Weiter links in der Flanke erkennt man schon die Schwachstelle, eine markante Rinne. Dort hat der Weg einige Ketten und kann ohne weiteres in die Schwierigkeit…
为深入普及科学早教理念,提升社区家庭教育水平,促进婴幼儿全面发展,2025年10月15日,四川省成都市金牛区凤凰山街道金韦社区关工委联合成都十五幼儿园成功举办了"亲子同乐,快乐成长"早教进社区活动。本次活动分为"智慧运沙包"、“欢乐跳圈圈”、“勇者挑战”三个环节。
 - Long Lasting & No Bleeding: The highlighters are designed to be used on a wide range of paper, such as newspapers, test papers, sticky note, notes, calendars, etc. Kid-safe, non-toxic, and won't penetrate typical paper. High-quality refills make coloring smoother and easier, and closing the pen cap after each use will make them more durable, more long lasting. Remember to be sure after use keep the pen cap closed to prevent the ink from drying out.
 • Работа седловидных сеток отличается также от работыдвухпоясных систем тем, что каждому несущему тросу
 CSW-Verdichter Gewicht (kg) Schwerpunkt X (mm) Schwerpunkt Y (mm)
--
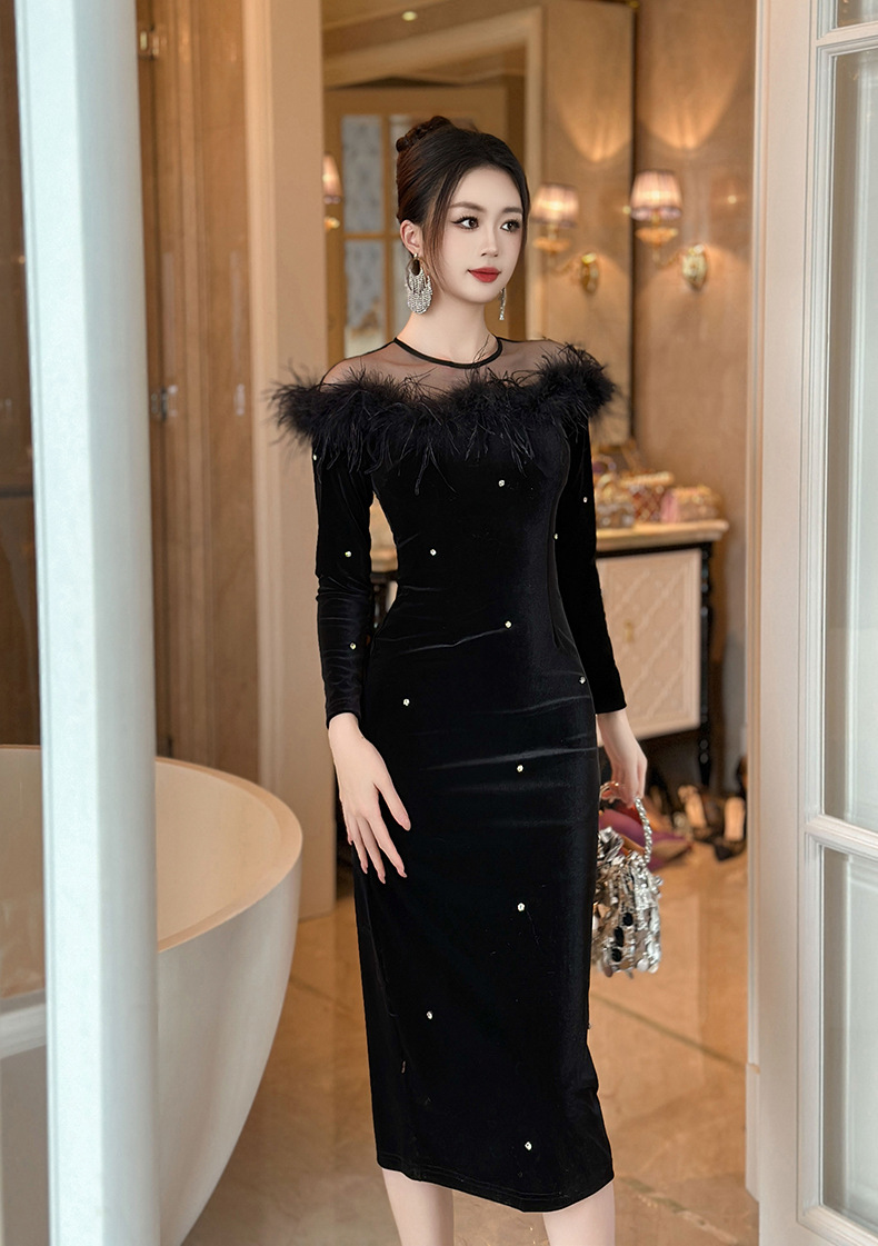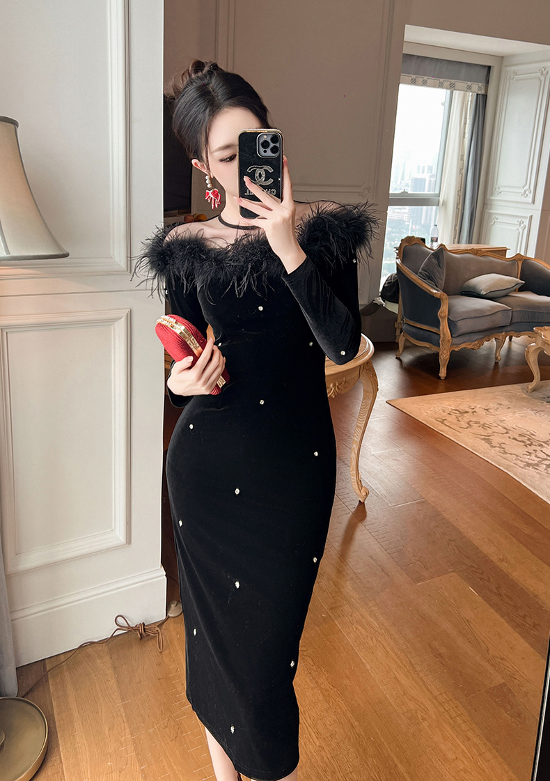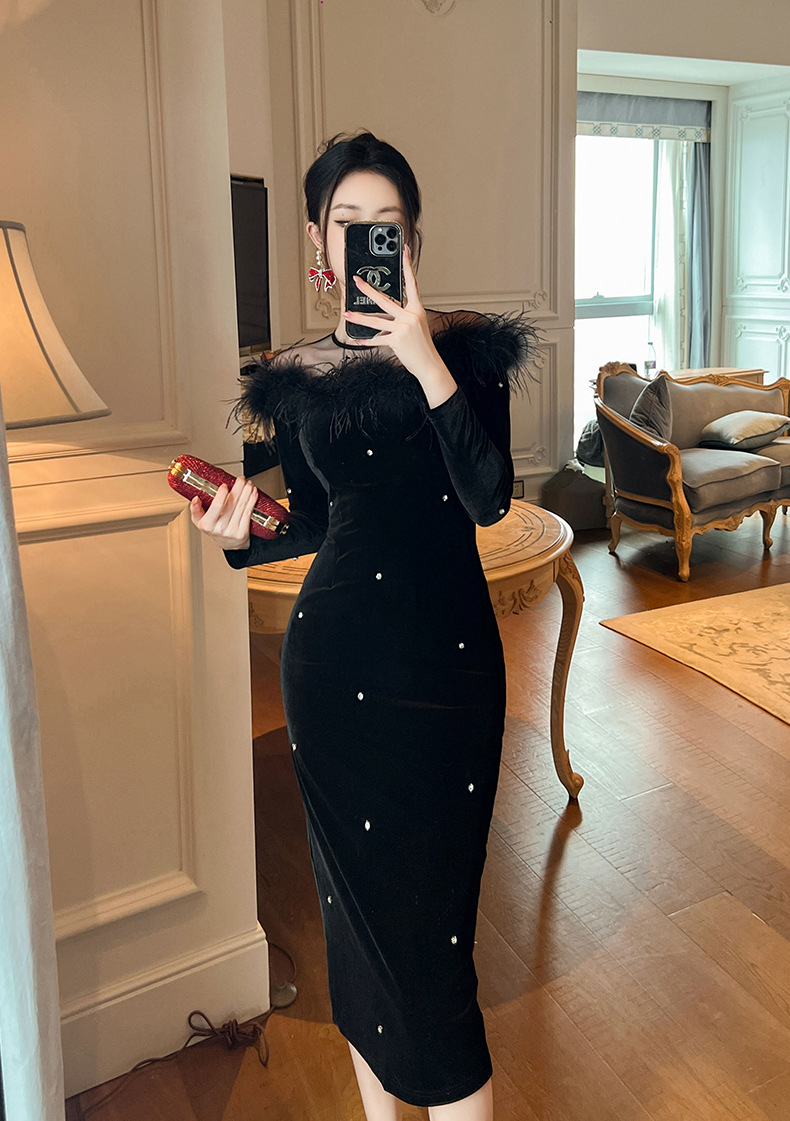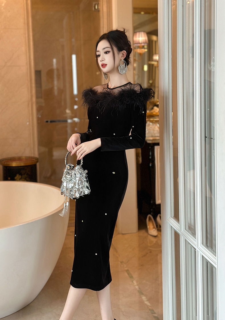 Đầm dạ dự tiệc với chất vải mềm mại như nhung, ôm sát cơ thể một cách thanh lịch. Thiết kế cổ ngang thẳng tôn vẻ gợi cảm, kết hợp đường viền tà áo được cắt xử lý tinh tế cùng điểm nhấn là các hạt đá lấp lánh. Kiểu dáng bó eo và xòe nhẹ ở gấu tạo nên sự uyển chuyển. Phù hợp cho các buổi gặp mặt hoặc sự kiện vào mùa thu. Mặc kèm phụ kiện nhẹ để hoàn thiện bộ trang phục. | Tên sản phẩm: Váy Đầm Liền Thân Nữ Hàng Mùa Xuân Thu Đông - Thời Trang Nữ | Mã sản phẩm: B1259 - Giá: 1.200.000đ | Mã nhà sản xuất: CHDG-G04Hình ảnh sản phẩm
---
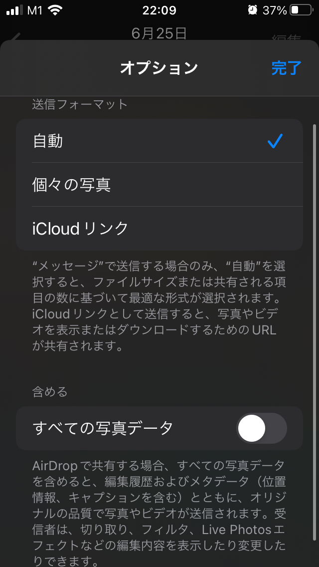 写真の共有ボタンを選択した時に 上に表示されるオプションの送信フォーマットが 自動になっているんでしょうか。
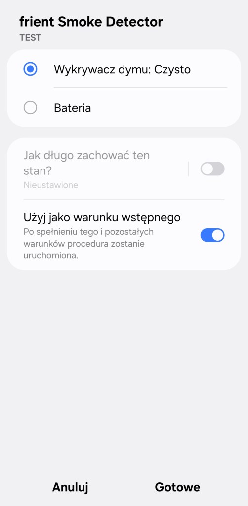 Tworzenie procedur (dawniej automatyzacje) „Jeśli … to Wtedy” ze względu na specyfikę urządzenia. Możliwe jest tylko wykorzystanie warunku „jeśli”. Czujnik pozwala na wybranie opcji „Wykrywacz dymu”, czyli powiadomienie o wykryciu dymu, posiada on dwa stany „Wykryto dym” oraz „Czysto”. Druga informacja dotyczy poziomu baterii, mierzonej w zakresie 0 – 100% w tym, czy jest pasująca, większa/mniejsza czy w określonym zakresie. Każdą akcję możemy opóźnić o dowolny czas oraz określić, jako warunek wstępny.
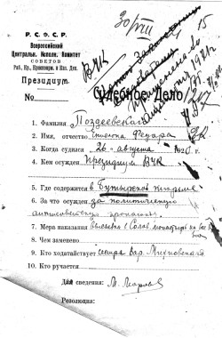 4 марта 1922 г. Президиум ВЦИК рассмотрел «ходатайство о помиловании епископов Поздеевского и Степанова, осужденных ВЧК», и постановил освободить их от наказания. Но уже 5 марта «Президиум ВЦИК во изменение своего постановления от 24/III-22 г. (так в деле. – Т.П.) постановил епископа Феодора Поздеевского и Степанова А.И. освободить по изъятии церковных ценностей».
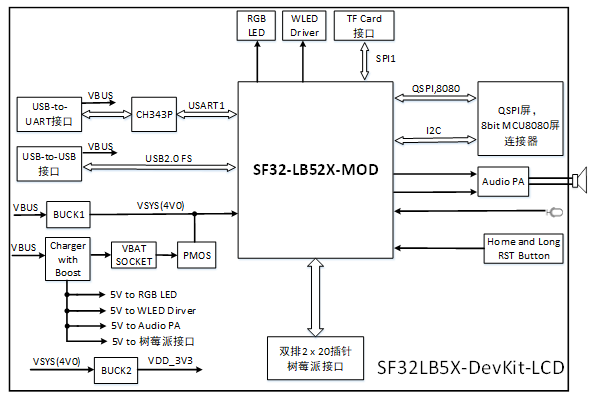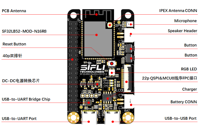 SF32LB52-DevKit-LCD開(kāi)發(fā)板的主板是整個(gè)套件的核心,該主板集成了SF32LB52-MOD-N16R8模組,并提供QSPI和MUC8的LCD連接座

What the task asks
What you give back must be the stretch above, starting at the line with "- Long Lasting" and ending at the line with "CSW-Verdichter Gewicht (kg)", copied exactly.

Worked solution
 - Long Lasting & No Bleeding: The highlighters are designed to be used on a wide range of paper, such as newspapers, test papers, sticky note, notes, calendars, etc. Kid-safe, non-toxic, and won't penetrate typical paper. High-quality refills make coloring smoother and easier, and closing the pen cap after each use will make them more durable, more long lasting. Remember to be sure after use keep the pen cap closed to prevent the ink from drying out.
 • Работа седловидных сеток отличается также от работыдвухпоясных систем тем, что каждому несущему тросу
 CSW-Verdichter Gewicht (kg) Schwerpunkt X (mm) Schwerpunkt Y (mm)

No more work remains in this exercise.